Spore is an ambitious game in which players control the life cycle of a planet
Owen Sound Sun Times (On)
Monday, June 23, 2008
Here it is!
Will Wright, the creator of the hugely popular game “The Sims” has been tantalizing gamers with videos of his new project, “Spore”, for the last three years. We’ve finally got something tangible, the Spore Creature Creator.
“Spore” is an ambitious game in which players will control the entire life cycle of a planet, starting with a one-celled organism. Players will be able to custom design creatures to populate their world and share their creations with other players. The Creature Creator lets players make creatures and test them, but nothing more. Still it’s very cool to have even a part of “Spore” to test.
The creature creator comes in two flavours, Free Trial or $9.99 (I’m not sure if this price contributes to your eventual purchase of “Spore” or not). In any case I’ve been using the free version.
Making a creature is a bit like building with LEGO, if each LEGO piece was made of Play-Doh. You start with the body and you can control the length of the body and its general shape. This is all done by pointing and clicking the mouse. After you have a complete body, various mouths, eyes, arms and legs can be added and tweaked. The best part is the customization. Make a creature with four mouths and 10 eyes? Sure! Six legs and one arm? Sure!
Everything works, and for now that’s about it, but each body part will be relevant in the final game. The parts you pick will determine what and how the creature eats, how strong or fast it is, how it interacts with other creatures, etc.
The creator lets you take your creature for a test drive. You can command it to move around and perform various activities to see how it would move in the game.

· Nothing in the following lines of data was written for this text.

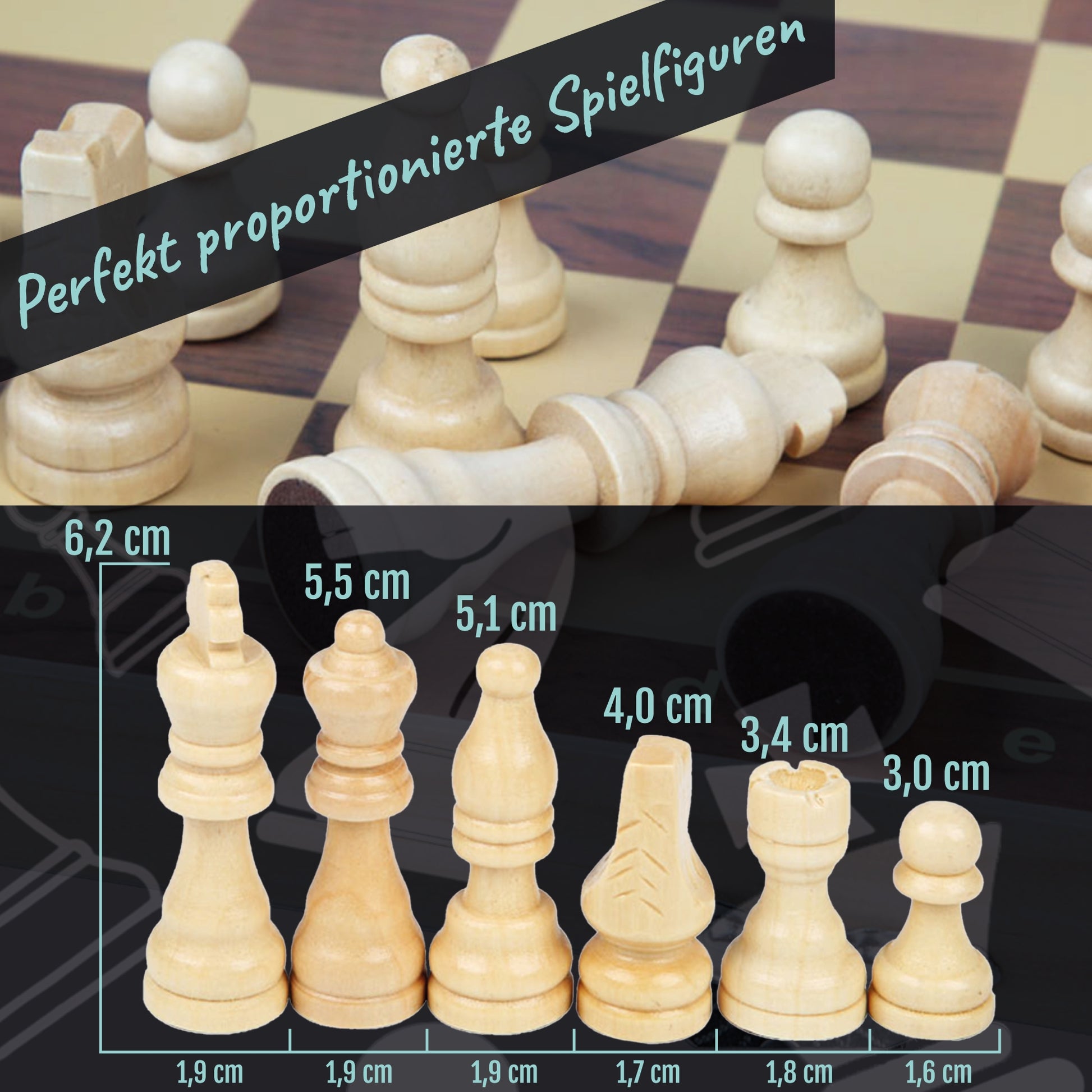 Das klappbare Schachbrett dient gleichzeitig als Aufbewahrungsbox – einfach aufklappen, spielen und anschließend die Figuren sicher verstauen. Mit einer kompakten Größe von 29 x 29 cm bietet es optimale Spielgröße bei gleichzeitig hoher Mobilität.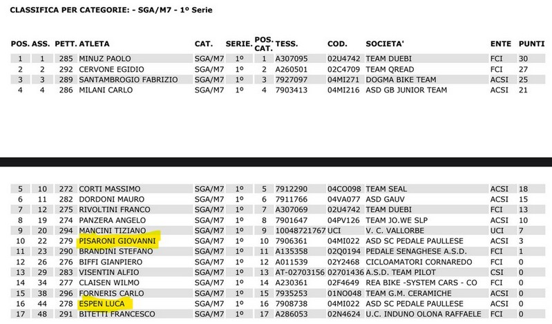 Risultati Agonismo
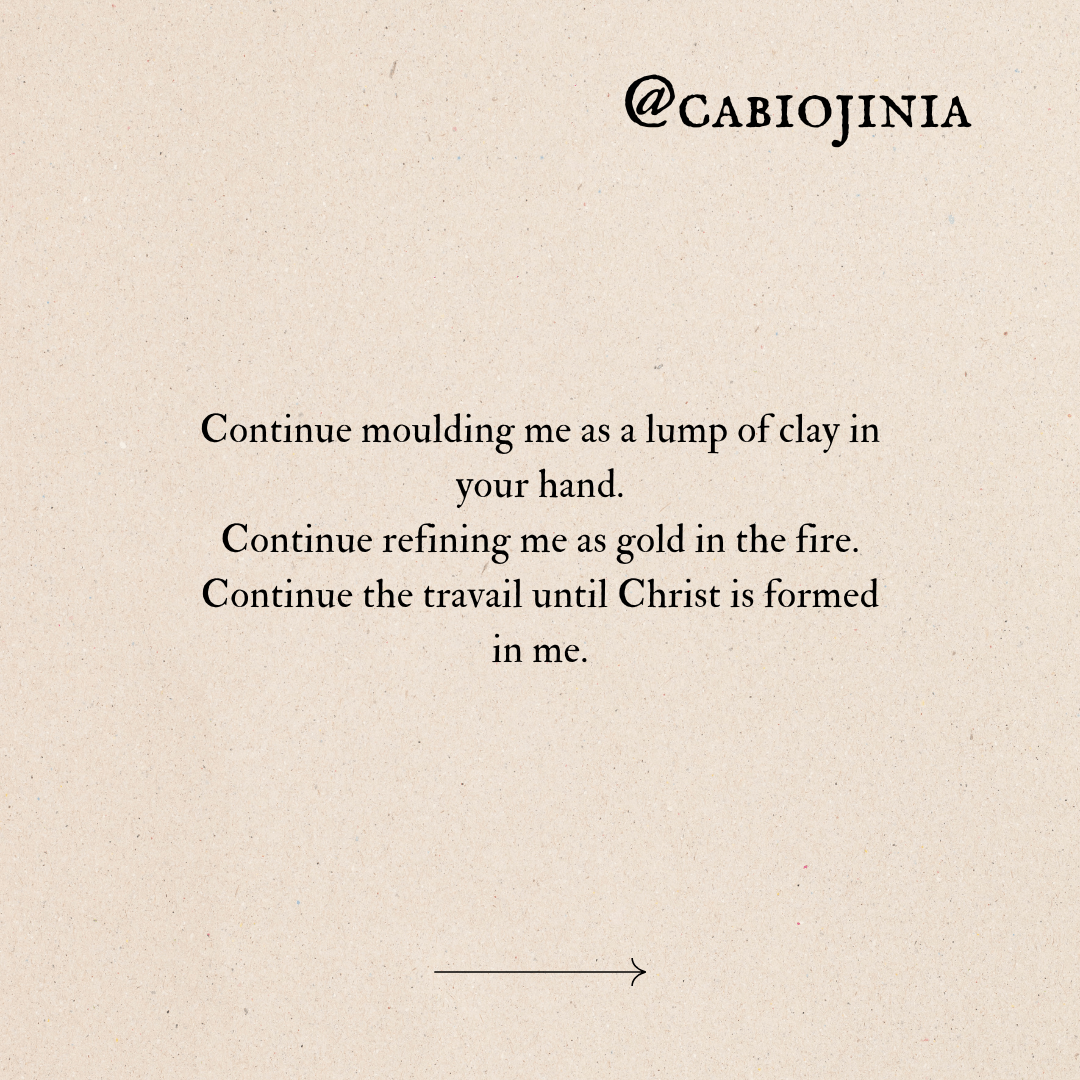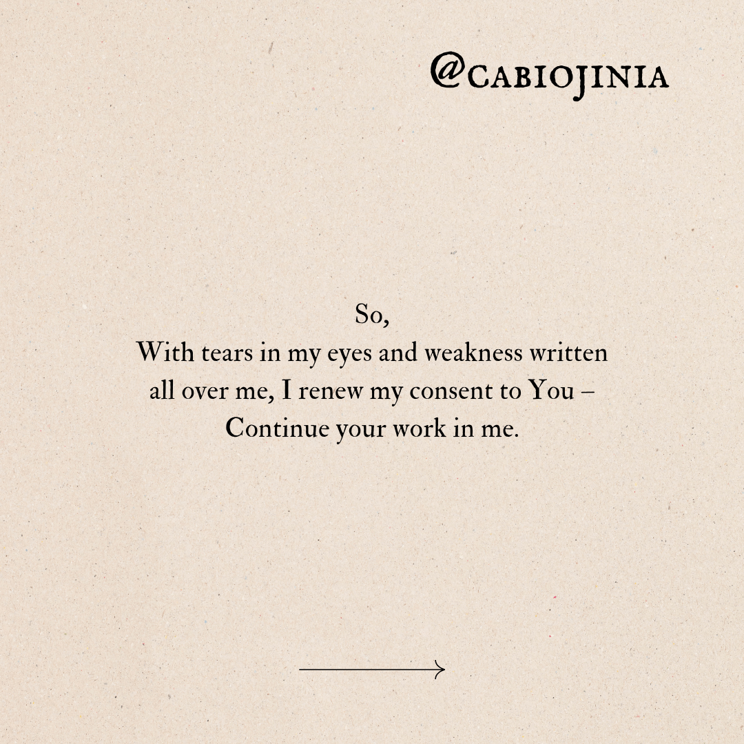 With tears in my eyes and weakness written all over me, I renew my consent to You – Continue your work in me.

After you’re finished your creature, you can share it with friends. That’s the really cool part; “Spore” lets you take screenshots, make animated forum avatars, or even record videos and upload them directly to YouTube. You can also upload your creature to the Sporepedia (a compendium of everyone’s creatures) so other players can see your genetic abomination. It’s all pretty slick. Supposedly creatures that are uploaded between now and when the final game ships (September, 2008) will eventually crawl through the tubes that comprise the Internet and end up in everyone’s Spore worlds. I can’t wait to see how that turns out.
The presentation of the Spore Creature Creator is great, everything is easy to find and get to, and making a creature is as simple as dragging things with the mouse and squishing them together (though some of the nuances can be a bit complex). If the final game keeps up the slick user-friendly presentation, it should be pretty impressive.

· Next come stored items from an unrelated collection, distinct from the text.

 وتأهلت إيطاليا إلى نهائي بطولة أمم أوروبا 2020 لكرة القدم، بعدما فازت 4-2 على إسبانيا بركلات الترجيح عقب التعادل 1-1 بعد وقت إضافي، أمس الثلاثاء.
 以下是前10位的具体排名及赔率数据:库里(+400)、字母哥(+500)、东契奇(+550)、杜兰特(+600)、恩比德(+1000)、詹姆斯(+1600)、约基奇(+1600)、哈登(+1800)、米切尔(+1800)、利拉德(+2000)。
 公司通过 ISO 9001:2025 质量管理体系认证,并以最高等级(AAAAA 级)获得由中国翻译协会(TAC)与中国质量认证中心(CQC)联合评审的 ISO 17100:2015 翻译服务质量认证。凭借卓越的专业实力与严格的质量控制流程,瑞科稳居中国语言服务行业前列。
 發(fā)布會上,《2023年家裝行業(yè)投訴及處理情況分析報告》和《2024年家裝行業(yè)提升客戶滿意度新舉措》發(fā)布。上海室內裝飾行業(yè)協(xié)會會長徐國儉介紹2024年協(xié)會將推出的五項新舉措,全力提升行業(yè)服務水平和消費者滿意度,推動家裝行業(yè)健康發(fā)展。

The system requirements for the creature creator are pretty low and the trial is free, so I highly recommend you check it out. You might be surprised by how fun making silly creatures can be!
In addition to the Spore Creature Creator I’ve been playing “Race Driver GRID”, a new racing game from Codemasters. It’s kind of a new experience for me as it’s more of a racing simulation than I’m used to (I don’t do “Gran Turismo”). I’ve played a lot of “Mario Kart” and “Need for Speed”, but “GRID” is not an arcade game, you have to brake going through turns and going off the track results in a spectacularly long and dizzying spin.
The presentation in “GRID” is what first sold me. It’s got a great 3D rendered menu that swoops over a 3D garage while you’re selecting options. As races start the driver’s names and standings are displayed in 3D next to the cars. It’s very polished and works well.
Other than that, “GRID” is just a good racing game. You go through race after race earning a reputation and news cars (though I’m not very far yet, because I’m still at the spinning out on all the corners stage of driving school). The controls are solid and responsive and each of the cars handle differently.
“GRID” does have one incredibly cool new feature, the instant replays. As with most racing games you can watch a complete replay of your race, but there’s more. “GRID” features very realistic damage to the cars, and you can and will total your car. However, should this happen you get to use the instant replay to rewind to before you crashed, reset your car on the track and give that hairpin turn another go. You only get a certain number of resets each race, so you can’t go crashing willy-nilly, but should you crash, you can watch the crash over and over again before resetting, and I won’t lie, that’s my favourite part.
I’m still wrapping my head around the more realistic style of “GRID”, but it’s the most I’ve ever played a sim style racing game, so if you already like sim racing games, give “GRID” a go and if you generally stick to arcade racers, you might still want to check out “GRID”.
Calen Henry is a graduate of Japanese Studies and Multimedia at McMaster University. He grew up in Owen Sound, has been a gamer since childhood and is also interested in music and film.